■ **EXERCISE DETAILS**: Transcribe the listing verbatim. Do not carry over any pictures.

■ **DATASET EXCERPT**:
= = = = = = =

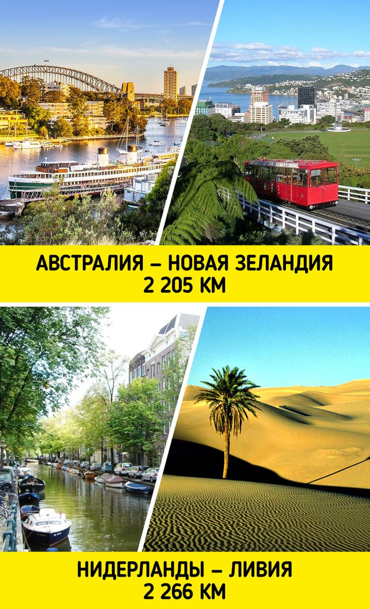 Расстояние между Новой Зеландией и Австралией примерно такое же, как расстояние между Нидерландами и Ливией
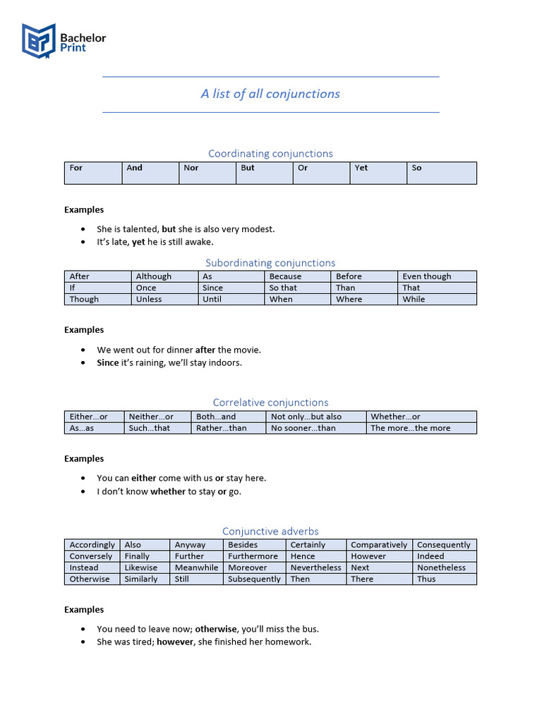 List Of Conjunctions Pdf – Conjunction Examples – MFTZTR
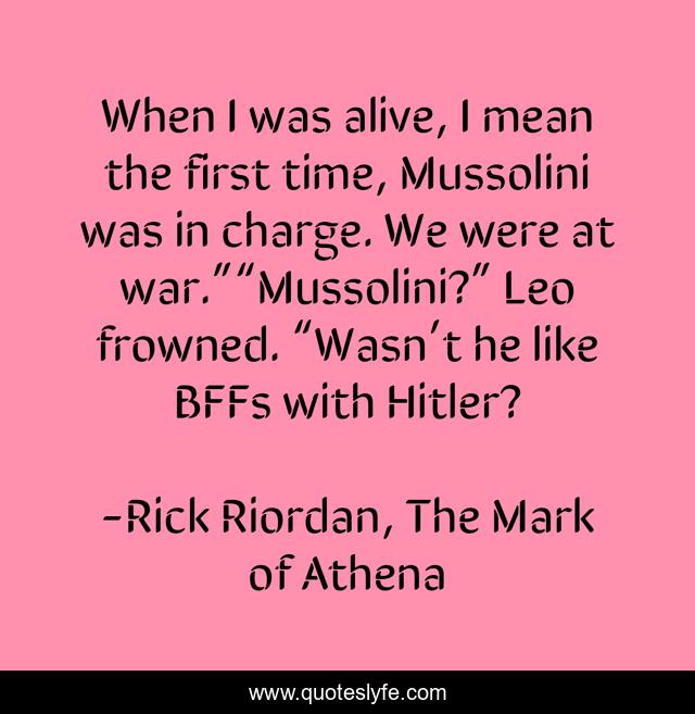 This page presents the quote "When I was alive, I mean the first time, Mussolini was in charge. We were at war.”“Mussolini?” Leo frowned. “Wasn’t he like BFFs with Hitler?". Author of this quote is Rick Riordan, The Mark of Athena. This quote is about funny, comedy, leo-valdez, lol, hazel-levesque,.

= = = = = = =

■ **YOUR RESPONSE**:
 Расстояние между Новой Зеландией и Австралией примерно такое же, как расстояние между Нидерландами и Ливией
 List Of Conjunctions Pdf – Conjunction Examples – MFTZTR
 This page presents the quote "When I was alive, I mean the first time, Mussolini was in charge. We were at war.”“Mussolini?” Leo frowned. “Wasn’t he like BFFs with Hitler?". Author of this quote is Rick Riordan, The Mark of Athena. This quote is about funny, comedy, leo-valdez, lol, hazel-levesque,.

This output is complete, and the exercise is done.